Hypertensive disorders of pregnancy (HDPs) affect 5%–10% of pregnancies worldwide.1 Beyond the high rates of acute maternal and foetal mortality and morbidity,2 HDPs are independently associated with the development of postpartum maternal cardiovascular disease (CVD) and cerebrovascular disease.3–7
In Australia, over 7% of pregnancies are affected by HDP with around 3% complicated by pre-eclampsia.8 Few large, population-based studies have been undertaken to understand the CVD risk for Australian women associated with HDP and the public health ramifications.9 Additionally, while a number of studies have controlled for the presence of traditional risk factors for CVD in women with HDP, finding that HDP is an independent risk factor for CVD, few studies have examined the interaction between HDP, traditional CVD risk factors and other pregnancy complications with respect to subsequent CVD risk.10
A greater understanding of these interactions would have important public health implications and may necessitate updates to clinical guidelines on cardiovascular follow-up and management following a pregnancy complicated by hypertension, pre-eclampsia or eclampsia. Currently, there is no systematic, broadly accepted follow-up or postpartum pathway for these at-risk women in Australia, Europe or the USA.1
Accordingly, we sought to estimate the absolute and relative risks of a maternal cardiovascular event in a nationally representative cohort of women. We further aimed to define the differential effect of early-onset versus late-onset HDP and the interplay between pregnancy-associated risk, other pregnancy factors and smoking, a traditional cardiovascular risk factor which is universally discouraged in pregnancy.
Cohort and data linkage
A retrospective cohort study using linked population health administrative datasets was undertaken in New South Wales (NSW), Australia. This included women aged 12–55 years who were NSW residents at their first birth with a complete birth history in NSW of singleton births between 1 January 2002 and 31 December 2016. NSW has approximately 95 000 confinements per year, representing 32% of all births in Australia.

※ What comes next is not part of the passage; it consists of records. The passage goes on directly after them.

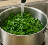 신선한 나물을 오래 즐기려면 첫 단계인 세척과 보관이 가장 중요합니다. 방풍나물은 잔가시와 연한 잎이 뒤섞여 있어, 처음 다루는 사람에게는 손질이 까다로울 수 있습니다. 그러나 몇 가지 요령만 알면 손쉽게 오랫동안 향긋함을 유지할 수 있습니다. 세척 전, 먼저 잔가시가 돋은 굵은 줄기는 손톱으로 살짝 뜯어내고, 어린 잎은 그대로 두어 질감 대비를 살려 보세요. 큰 볼에 나물을 담고, 식초 반 큰술을 탄 물을 받아 5분간 담가두면 흙먼지가 가라앉습니다. 이후 흐르는 물로 두 번, 미지근한 물로 한 번 더 헹궈주면 찬물만 사용했을 때보다 잔털이 부드럽게 가라앉아 먹기 좋습니다. 물기를 없애는 과정도 중요합니다. 채반에 올려 10분간 자연 건조시킨 뒤, 키친타월로 살짝 눌러 표면의 수분을 제거합니다. 이때 너무 힘을 주면 잎이 상할 수 있으니 조심하세요. 일주일 이내 조리할 예정이라면 ‘흡수지 랩핑’ 방법을 추천합니다. 키친타월을 적당한 크기로 잘라 나물을 두세 겹 감싼 뒤, 밀폐용기에 세워 보관하면 아래쪽부터 물이 빠져나와도 수분이 흡수지에 머물러 잎이 무르지 않습니다. 냉장 온도는 2–4℃가 가장 알맞습니다. 만약 2주 이상 보관해야 한다면 살짝 데친 후 급속 냉동하는 것이 좋습니다. 데칠 때는 소금을 조금 넣어 색을 살리고, 찬물에 헹군 뒤 물기를 짜고 1회 분량씩 지퍼백에 넣어 공기를 최대한 빼주세요. 냉동 전, 나물을 한 번 더 깨끗이 펴서 얼리면 붙지 않아 한 움큼씩 떼어쓰기가 편합니다. 해동은 냉장고에 3시간 정도 두기만 해도 충분합니다. 전자레인지 해동은 향이 날아갈 수 있으니 피하세요.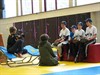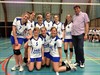 Staande: Raf Bloemen, Franky Alders, Bart Hulsbosch, Nancy Jansen, Hilde Habraken, Annick Clijsters, Kris Cleymans en meester Albert Cardinaels;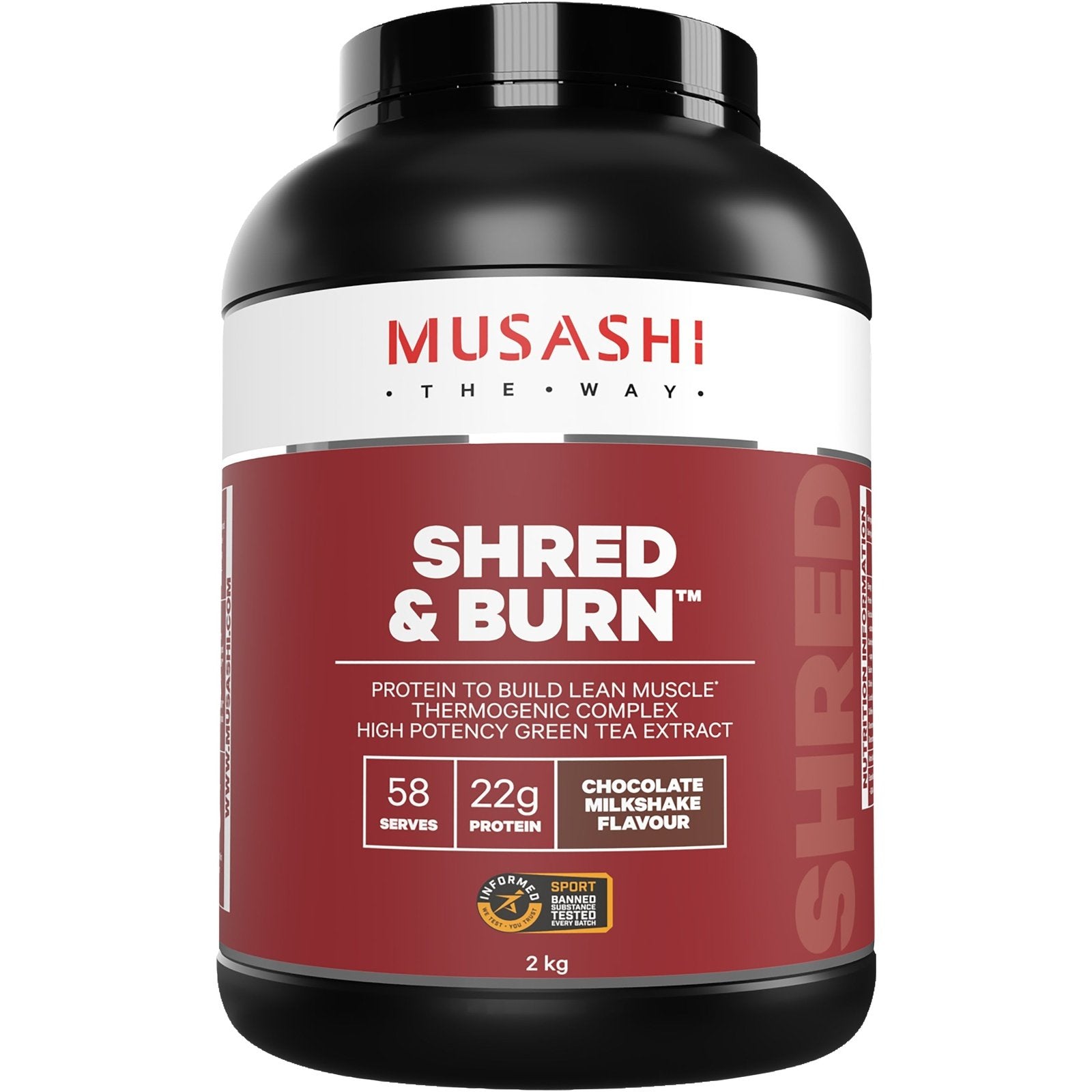 Musashi Shred and Burn™ Protein Blend (93%) [Whey Protein Concentrate, Whole Milk Powder, Whey Protein Isolate, Emulsifiers (Soy Lecithin, Sunflower Lecithin)], Cocoa Powder, Flavour, Vegetable Gum (Guar Gum), Sweetener (Sucralose), Caffeine, L-Carnitine, Enzyme (Papain), Green Tea Extract, Green Coffee Extract, Choline Bitartrate.

The analysis used the Maternal and Child Health Register (MCHR). The MCHR is a linked, deidentified dataset containing information for children and young people aged less than 16 years and women aged 12–55 years and includes linked records from the NSW Perinatal Data Collection (PDC), NSW Admitted Patient Data Collection (APDC), NSW Emergency Department Data Collection, Australian Coordinating Registry Cause of Death Unit Record File (COD URF) and the NSW Registry of Births, Deaths and Marriages death registrations (RBDM). Record linkage for the MCHR was performed by the NSW Centre for Health Record Linkage (CHeReL).
The NSW PDC is a population-based data collection that covers all births in NSW public and private hospitals, as well as home births in NSW. It encompasses all births, including stillbirths of at least 20 weeks ’ gestation or at least 400 g birth weight, and all live births, and includes demographic information on the mother and baby and information on the mother’s health, her pregnancy, labour and birth, and the health of the baby. The NSW APDC comprises a census of all admitted patient services provided by NSW public hospitals, public psychiatric hospitals, public multipurpose services, private hospitals and private day procedure centres. It covers demographic information and information on diagnoses, procedure and hospital care for every hospital separation in NSW. Diagnosis information is coded according to the International Classification of Diseases and Related Health Problems, Australian Modification (ICD-10-AM).11 The COD URF includes death registration information pertaining to all deaths occurring in NSW and includes demographic information and particulars of the death, including cause of death and place of death, which are recorded either through the death registration process or by the coronial information system. Cause of death information is coded according to the ICD-10. The RBDM death registration data cover all deaths occurring in NSW. Demographic information and particulars of the death, including cause and place of death, are recorded on the death registration. The CHeReL uses probabilistic record linkage software, with procedures designed to ensure fewer than 5/1000 false-positive links and 5/1000 false-negative links.12
All linked records for a woman were excluded where there was missing covariate data, inconsistent date information, no linked birth hospitalisation record, or a study outcome was recorded on the first birth hospitalisation record.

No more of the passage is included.